The idea for my first book was planted when I was a foreign correspondent in Africa and discovered Selous’s papers in the Zimbabwe archives. The subject, a big-game hunter and imperialist of the Victorian age, posed challenges aplenty for modern opinion; but discovering for myself the Central African wilderness where Selous spent his life, in particular the sublime Zambezi valley; and exploring his paradoxical character – he was an early advocate of conservation, immersed himself in tribal society and acted as a restraining hand on the colonial ambitions of Cecil Rhodes – revealed more complex human layers. At bottom, Selous’s life was worth retelling as an adventure story, a galloping yarn.
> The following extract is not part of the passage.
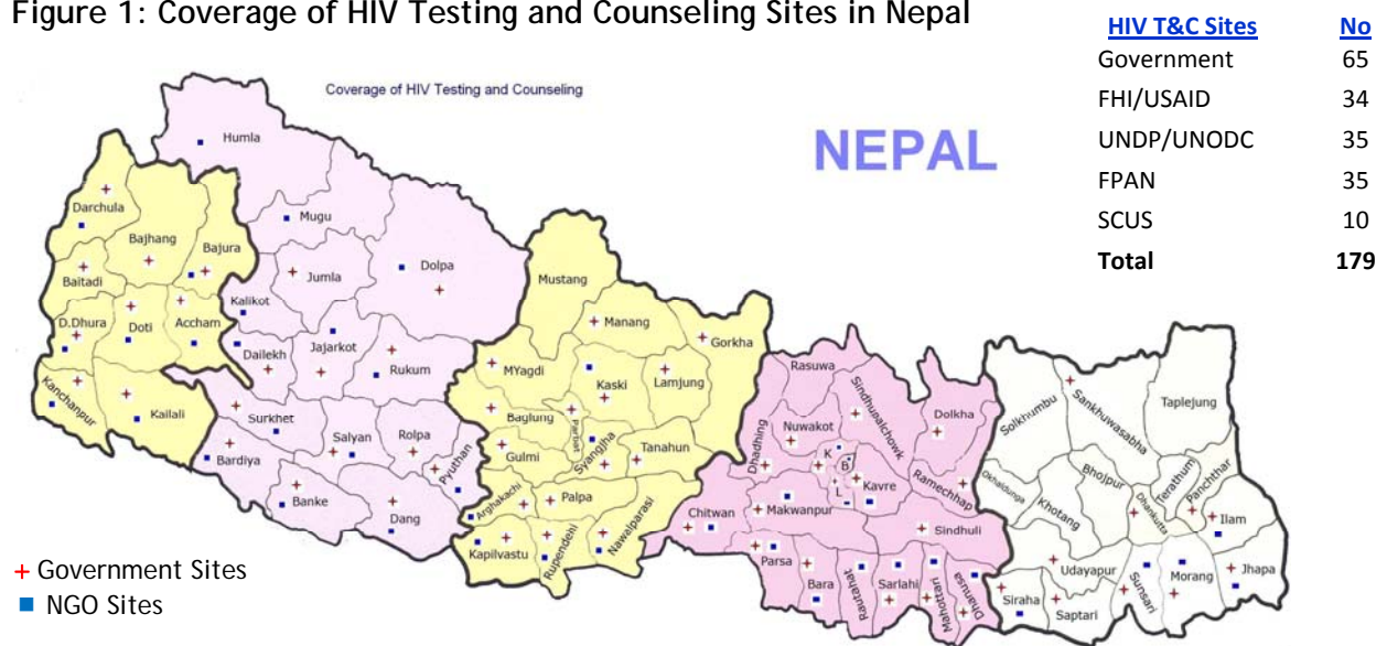
Figure 1: Coverage of HIV Testing and Counseling Sites in Nepal

When jingoistic fervour was at its height he braved ferocious criticism for his spirited stand against the Boer War, before falling in action at the age of 64 in the Great War. He lies in the game reserve in modern Tanzania that bears his name.
 

Reviews 

“Stephen Taylor’s well-written biography provides a story in the Boys’ Own tradition. Frederick Selous was widely believed to have been the model for Rider Haggard’s hero, Alan Quatermain ... Taylor handles the ripping yarns as skilfully as he does the genesis of Selous’s rough existence on the frontier ... It is one of the author’s many achievements that he recreates the dangerous times of the great white hunter, and the attitudes and actions of imperialist settlers in black Africa while maintaining a historian’s distance from the values of the age ... The result is an integrated book and an excellent biography.”
Mark Cocker, The Sunday Times

 

“There is material here for a ripping biography; and Stephen Taylor’s life of Selous is indeed a spiffing yarn ... He has also written a comprehensive, witty and perceptive book.”

The Independent

 

“Stephen Taylor’s book is enthusiastic, sympathetic and admirably fair. He has brought alive a Victorian hero, an enigmatic, mythogenic figure ... a sportsman, enlightened imperialist, a keystone in the bridge between black and white races, an explorer of renown and a symbol for conservation.”

Scotland on Sunday

 

“Within a most competent and readable biography, his first book and worthy of his exciting subject, Stephen Taylor produces an excellent history of Southern Africa ... Taylor leaves us with all our boyhood enthusiasm and adds to it considerable admiration for Selous’s more serious role in Africa.”

The Birmingham Post

 

“Taylor’s biography is the first since J.G.Millais’s somewhat hagiographical work published in 1918. Readers will find it was worth the wait.”